Bimetallic Sulfur‐Doped Nickel–Cobalt Selenides as Efficient Bifunctional Electrocatalysts for the Complete Decomposition of Water

The creation and enhancement of non‐precious metal bifunctional catalysts with superior stability and stabilizing activity is necessary to achieve water splitting in alkaline media. The paper presents a method for preparing nickel–cobalt bimetallic selenides (NiCo‐Sex/CF) using a combination of hydrothermal and high‐temperature selenization techniques. NiCo‐Sex/CF shows great potential as a catalyst for water separation. The catalyst's electronic structure and active centre can be modified by double doping with sulfur and selenium, resulting in increased selectivity and activity under varying reaction conditions.
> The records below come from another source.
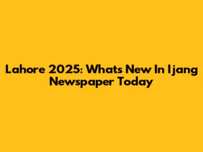 Lahore 2025: What's New In Ijang Newspaper Today
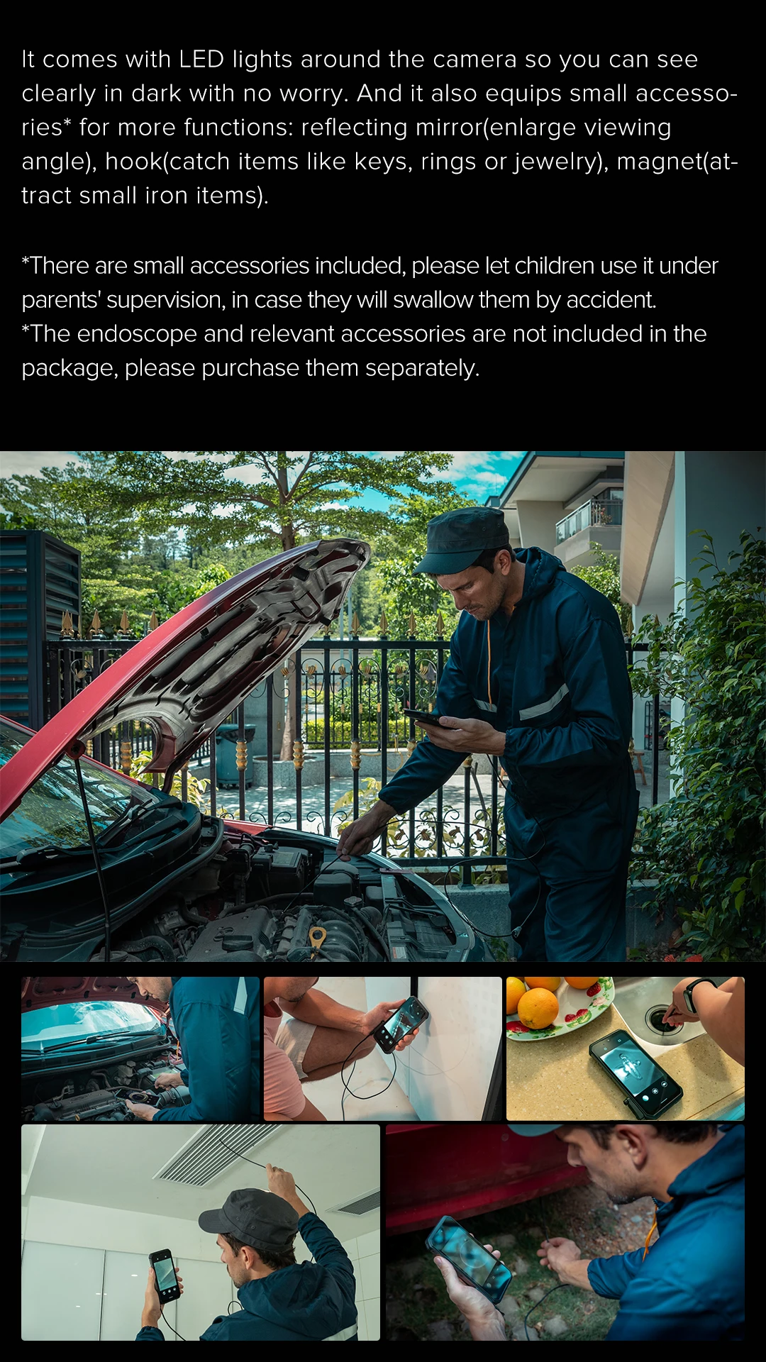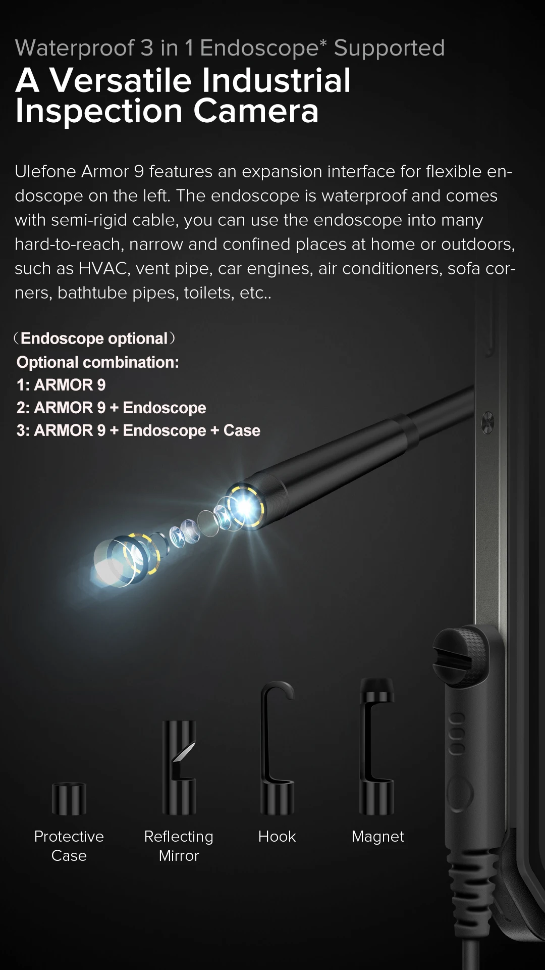 Ulefone Armor 9 cuenta con una interfaz de expansión para un endoscopio flexible a la izquierda. El endoscopio es resistente al agua y viene con un cable semirrígido, puede usar el endoscopio en muchos lugares difíciles de alcanzar, estrechos y confinados en casa o al aire libre, como HVAC, tubería de ventilación, motores de automóviles, aires acondicionados, esquinas de sofás, tuberías de bañera, inodoros, etc.
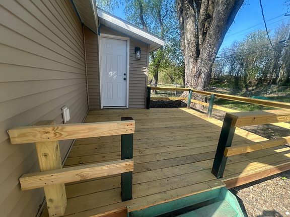 If you're looking for an affordable, completely move-in-ready home, this is it! This 2-bedroom, 1-bath home has been completely remodeled with all new electrical, plumbing, drywall, paint, new furnace, all new windows, Vinyl siding and more! Open concept with vaulted ceilings in the living area and a small deck off the back of the home. Solid surface flooring throughout. Off street parking plus a detached garage on large, partially fenced lot. Priced to sell at $119,900! Owner/agent
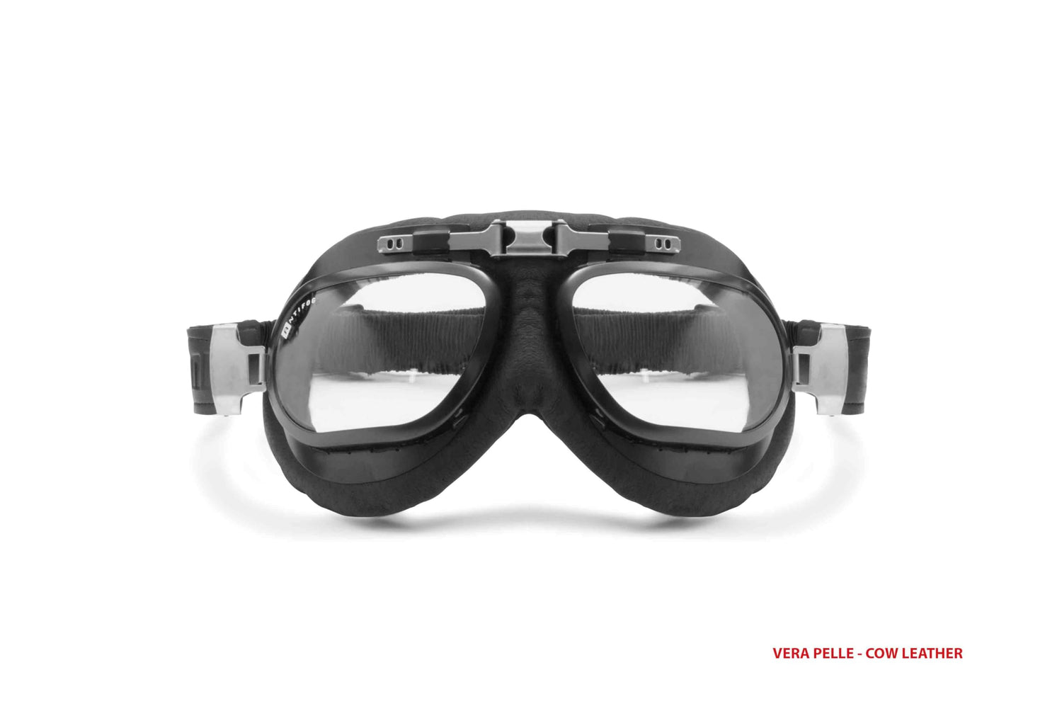 - Motorcycle Vintage Aviator Goggles made in black leather - Lens' profiles made in stainless mat black steel - Air Control System, Anti-misting aerators into top and bottom of frames
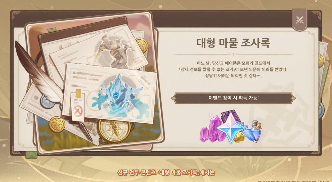 그리고 신규 전투형 콘텐츠로 '대형 마물 조사록'이 열리며 난이도가 상당히 어렵다고 방송에서 이야기를 하고 있습니다.
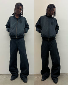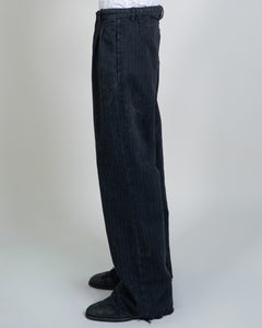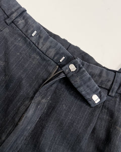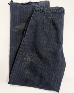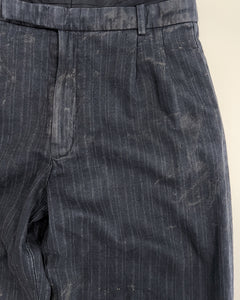 Made of 100% pinstripe wool and designed with a relaxed fit. For a tailored feel, there is a hook & eye closure with a zipper fly, single pleats along the front upper, front slant pockets and back welt pockets. Detailed with a hand staining process and raw hems making no two pairs completely alike. Made in Los Angeles.
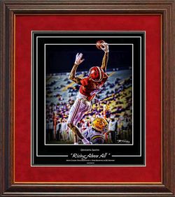 Brian Tinney celebrates this awesome receiver with his latest art print, "Rising Above All" Most Career Touchdowns by a Wide Receiver in SEC History This Professionally framed print measures approximately 17 x 20 with a 1 1/2" Dark cherry moulding with a gold lip and double mattes of crimson suede and black. It has glass and is ready to hang.
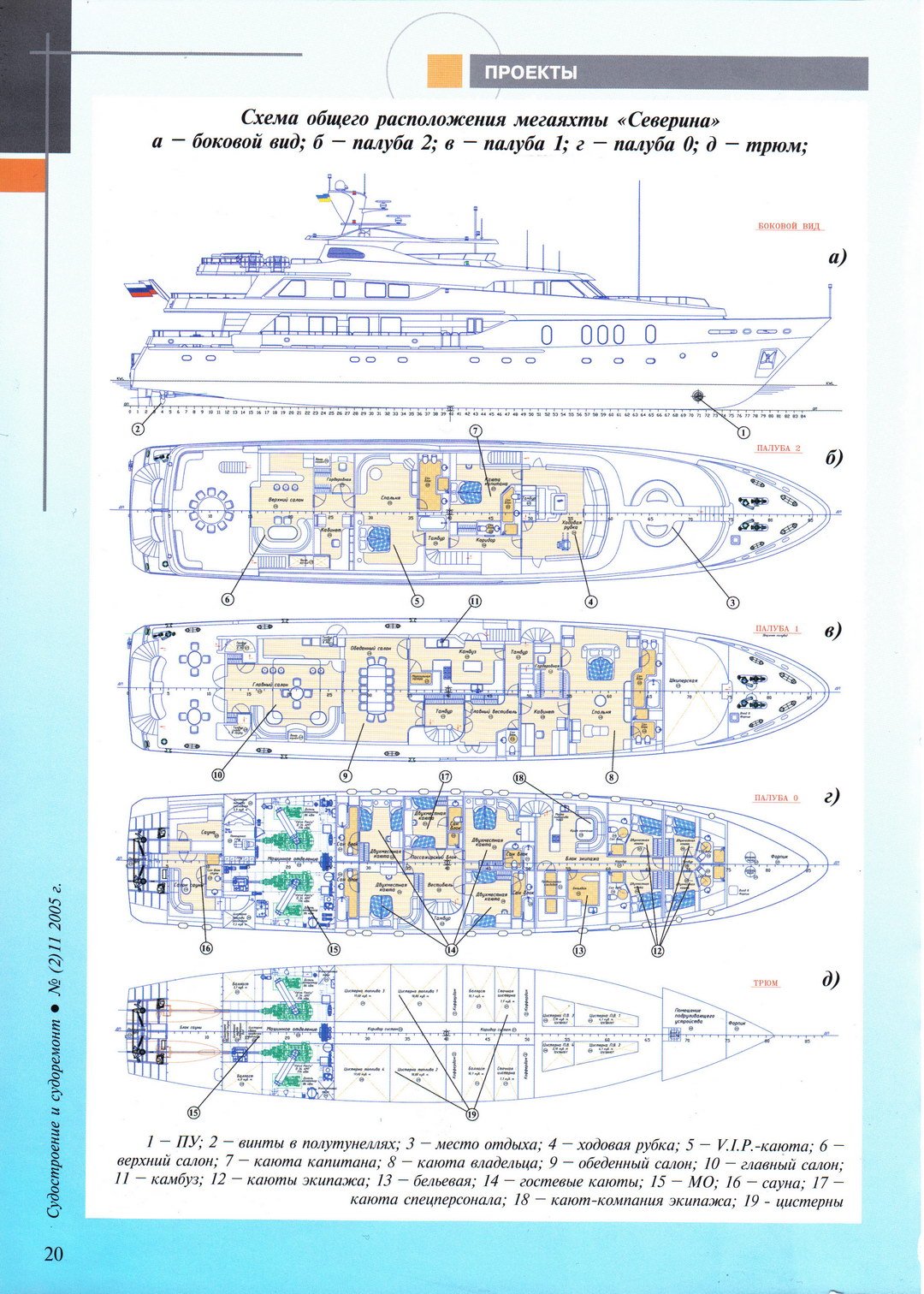 Обская губа — эти слова не встретишь в лексиконе яхтсменов мира. Наверное, поэтому проектировать и строить необычное судно должны были люди с нестандартным мышлением, незашоренные стереотипами. Судя по всему, расчет оказался правильным - «Северину» отличает сбалансированность, продуманность компоновки и оригинальный дизайн. Журнал «Судостроение и судоремонт» попросил проектантов мегаяхты рассказать об истории ее разработки и особенностях конструкции. ⠀⠀⠀⠀⠀Естественно, что особое внимание, правда, не в ущерб безопасности, уделялось формированию внутреннего пространства судна. Общая площадь кают составила 311 м². ⠀⠀⠀⠀⠀Сферы обитания моряков и пассажиров мегаяхты разделены, нет ни одной точки, где могут пересечься пути гостей и экипажа (за исключением стюардов). Это было достигнуто благодаря применению машинного отделения с безваxтенным обслуживанием. ⠀⠀⠀⠀⠀Для моряков имеются просторные каюты (общая площадь 88 м²) и уютная, оборудованная для отдыха кают-компания с местом для подогрева пищи. ⠀⠀⠀⠀⠀Что касается пассажиров, то в их распоряжении четыре примерно одинаковых каюты, вместе занимающих 106 м² и апартаменты класса люкс — каюты владельца и V.l.Р. гостя практически равные по площади — 77 и 72 м² соответственно. Они включают в себя спальню, гостиную, кабинет, гардеробную и санузел оборудованный ванной и душевой кабиной с разделением на «Ее» и «Его» зоны. ⠀⠀⠀⠀⠀Для пассажиров предусмотрены три салона общей площадью более 140 м², открытая палуба с обеденным столом, купальная площадка с выходом из сауны, продолжение главного салона - палуба для отдыха со столиками и диваном, солнечная ба площадью более 100 м², оборудованная баром и «джакузи». ⠀⠀⠀⠀⠀Отделка помещений выполняется с применением массива ценных пород дерева. Подволок зашивается металлопластовыми панелями. Помещения экипажа и спецперсонала отделываются панелями «TNF». ⠀⠀⠀⠀⠀Открытые участки палуб покрываются тиком по технологии «Sikaflex». ⠀⠀⠀⠀⠀Система кондиционирования воздуха предназначена для создания комфортной температуры и влажности в обслуживаемых помещениях: каютах, салонах, ходовой рубке, столовой и кают- компании экипажа. Она поддерживает температуру воздуха в перечисленных помещениях в летнее время +20°С при температуре наружного воздуха +30 °С и в зимнее время +22°С при температуре наружного воздуха -15 °С. ⠀⠀⠀⠀⠀На судне установлено спутниковое телевидение и специальная охранная система, на монитор которой выводится изображение со всех видеокамер, расположенных в разных частях открытой палубы и в машинном отделении, а также противовзломная сигнализация. ⠀⠀⠀⠀⠀«Северина» спроектирована и строится по Правилам и под наблюдением Российского морского регистра судоходства на класс КМ ★ ЛУ1 II СП. Остойчивость судна при всех эксплуатационных случаях загрузки удовлетворяет действующим Правилам Регистра для судов II ограниченного района плавания. ⠀⠀⠀⠀⠀По архитектурно-конструктивному типу «Северина» - двухвинтовое, двухпалубное судно, с развитой двухъярусной надстройкой, полубаком и промежуточным расположением машинного отделения. Кормовая часть корпуса выполнена с двумя полутунеллями, чтобы обеспечить размещение винтов при небольшой осадке. Пять поперечных водонепроницаемых переборок делят корпус судна на шесть водонепро

This method also offers the benefits of a simple preparation process and applicability to a wide range of catalytic reactions. Experimental results demonstrate that an overpotential of 194 mV produces a current density of 10 mA cm−2 when using this electrocatalyst as an OER catalyst. When used as a HER catalyst, the electrocatalyst required an overpotential of only 76 mV to generate a current density of 10 mA cm−2.Furthermore, a voltage of 1.5 V can drive the overall decomposition of water to achieve a current density of 10 mA cm−2. This study highlights the potential of sulfur‐selenide double‐doped catalysts for both scientific research and practical applications. Selenium‐sulfur doped catalysts are generated by hydrothermal and high temperature selenization methods. It shows great OER and HER activities in 1 m KOH, with overpotentials of 194 and 76 mV at 10 mA cm−2. Co‐doping and metal synergies make it more stable and expose more active sites. It delivers 10 mA cm−2 at a cell voltage of 1.5 V, indicating practical application potential.